MG titre did not show any significant change with 175 mg/kg/day of MG administration. However, a significant increase was observed at a dose of 350 mg/kg/day with almost 5 fold increase compared to control untreated animals (p<0.05). The augmentation of the humoral response as evidenced by an enhancement of antibody responsiveness to SRBC in rats as consequence of both pre and post immunization drug treatment indicates the enhanced responsiveness of macrophages and b-lymphocytes subsets involved in antibody synthesis (Mungantiwar et al., 1999). The DTH response, which is a direct correlate of Cell Mediated Immunity (CMI), was found to be increased by 30% at a dose of 350 mg/kg/day of the herbal formulation. During CMI responses, sensitized T-lymphocytes, when challenged by the antigen, are converted to lymphoblasts and secrete lymphokines, attracting more scavenger cells to the site of reaction. The infiltrating cells are thus immobilized to promote defensive (inflammatory reaction). In our studies, foot volume was enhanced after MG treatment suggests cell mediated enhancement (Sen et al., 1992).
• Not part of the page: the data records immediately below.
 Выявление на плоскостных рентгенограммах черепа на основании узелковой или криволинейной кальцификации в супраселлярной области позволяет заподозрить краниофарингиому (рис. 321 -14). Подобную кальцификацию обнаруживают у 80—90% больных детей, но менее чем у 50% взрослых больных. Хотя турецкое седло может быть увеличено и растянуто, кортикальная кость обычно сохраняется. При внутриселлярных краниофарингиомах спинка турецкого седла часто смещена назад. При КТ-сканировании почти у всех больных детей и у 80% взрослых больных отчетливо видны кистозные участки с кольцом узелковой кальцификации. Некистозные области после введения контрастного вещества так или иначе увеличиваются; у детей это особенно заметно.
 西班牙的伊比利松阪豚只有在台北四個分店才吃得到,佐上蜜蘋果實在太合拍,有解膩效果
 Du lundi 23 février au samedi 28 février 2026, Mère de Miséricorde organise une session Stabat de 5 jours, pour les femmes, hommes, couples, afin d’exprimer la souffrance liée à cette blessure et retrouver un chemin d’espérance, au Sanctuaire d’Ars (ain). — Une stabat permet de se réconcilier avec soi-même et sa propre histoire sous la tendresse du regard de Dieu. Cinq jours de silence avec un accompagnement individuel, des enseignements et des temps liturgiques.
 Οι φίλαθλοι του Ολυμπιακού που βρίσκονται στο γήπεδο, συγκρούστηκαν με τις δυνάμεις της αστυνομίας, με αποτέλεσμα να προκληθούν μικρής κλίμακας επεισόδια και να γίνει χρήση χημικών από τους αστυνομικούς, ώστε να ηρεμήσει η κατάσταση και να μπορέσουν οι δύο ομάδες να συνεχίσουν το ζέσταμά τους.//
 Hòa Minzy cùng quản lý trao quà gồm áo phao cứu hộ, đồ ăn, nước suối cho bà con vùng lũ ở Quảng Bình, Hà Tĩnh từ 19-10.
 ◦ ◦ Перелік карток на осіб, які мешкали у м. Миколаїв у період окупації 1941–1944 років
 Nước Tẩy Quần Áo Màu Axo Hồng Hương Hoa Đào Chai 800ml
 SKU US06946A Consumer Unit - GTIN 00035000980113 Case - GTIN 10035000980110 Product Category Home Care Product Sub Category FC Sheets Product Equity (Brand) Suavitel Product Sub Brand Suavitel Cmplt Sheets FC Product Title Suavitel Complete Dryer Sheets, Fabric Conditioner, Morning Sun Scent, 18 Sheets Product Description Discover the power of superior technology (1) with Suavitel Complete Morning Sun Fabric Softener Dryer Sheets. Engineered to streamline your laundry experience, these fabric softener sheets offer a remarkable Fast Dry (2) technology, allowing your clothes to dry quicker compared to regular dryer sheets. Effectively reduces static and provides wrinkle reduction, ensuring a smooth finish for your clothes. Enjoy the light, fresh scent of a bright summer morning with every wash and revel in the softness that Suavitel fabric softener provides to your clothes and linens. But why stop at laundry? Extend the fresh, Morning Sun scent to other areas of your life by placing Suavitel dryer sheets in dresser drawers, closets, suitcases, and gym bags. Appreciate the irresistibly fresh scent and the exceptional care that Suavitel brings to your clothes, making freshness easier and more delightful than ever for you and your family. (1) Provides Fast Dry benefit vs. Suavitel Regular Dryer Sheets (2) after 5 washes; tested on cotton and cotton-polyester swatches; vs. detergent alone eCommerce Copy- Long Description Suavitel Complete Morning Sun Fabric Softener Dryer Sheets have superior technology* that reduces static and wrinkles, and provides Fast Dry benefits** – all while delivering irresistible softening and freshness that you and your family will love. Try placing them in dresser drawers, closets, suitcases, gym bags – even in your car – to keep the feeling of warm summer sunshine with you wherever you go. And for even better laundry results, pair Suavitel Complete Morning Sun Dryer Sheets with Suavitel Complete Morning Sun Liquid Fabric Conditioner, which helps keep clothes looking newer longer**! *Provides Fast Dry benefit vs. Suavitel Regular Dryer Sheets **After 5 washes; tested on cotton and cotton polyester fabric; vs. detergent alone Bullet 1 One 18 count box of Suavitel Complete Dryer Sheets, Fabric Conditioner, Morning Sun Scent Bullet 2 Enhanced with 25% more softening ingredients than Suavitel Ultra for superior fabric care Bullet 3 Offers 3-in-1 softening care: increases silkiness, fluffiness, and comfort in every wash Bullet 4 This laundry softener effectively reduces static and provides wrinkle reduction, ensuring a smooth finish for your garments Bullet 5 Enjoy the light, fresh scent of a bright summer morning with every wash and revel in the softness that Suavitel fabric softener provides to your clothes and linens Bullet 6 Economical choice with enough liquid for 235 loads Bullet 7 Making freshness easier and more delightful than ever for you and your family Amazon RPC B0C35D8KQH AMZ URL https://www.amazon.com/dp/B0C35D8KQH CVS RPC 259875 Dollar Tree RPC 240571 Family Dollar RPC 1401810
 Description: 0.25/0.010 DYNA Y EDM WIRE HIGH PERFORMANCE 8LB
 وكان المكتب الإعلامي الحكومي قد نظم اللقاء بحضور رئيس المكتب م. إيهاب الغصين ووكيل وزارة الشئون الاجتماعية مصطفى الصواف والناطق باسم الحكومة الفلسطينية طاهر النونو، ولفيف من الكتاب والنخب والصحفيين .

Increase in both, HA titre and DTH response indicated the Momordica ghrita potentiates humoral as well as the cellular immunity. One of the explanations for warded to justify the beneficial effects of indigenous drugs in diseases states is the non specific enhancement of immune states of the organism (Patil et al., 1998). The immunostimulant activity of Momordica charantia was known there was no documentary evidence. In conclusion, the results obtained in the present study have shown the immunomodulatory activity of MG in vivo, further studies are warranted for the understanding the exact mechanisms responsible for immunomodulation.
Conclusions
Momordica charantia has shown significant immunomodulatory effect in animals. Therefore clinical studies as a potential immunostimulant is further warranted .Its efficacy as antidaibetic agent has been demonstrated in many clinical studies. Momordica charantia safety is assured as it has been consumed in diet from centuries. Therefore, we assume that clinical studies with Momordica charantia ghrita in immunomodulation will result in positive outcome.
Acknowledgements
The authors are thankful to head, Department of Pharmaceutical Sciences for providing the facilities and UGC for providing the financial support for V. Prasad and V. Jain in the form of fellowship.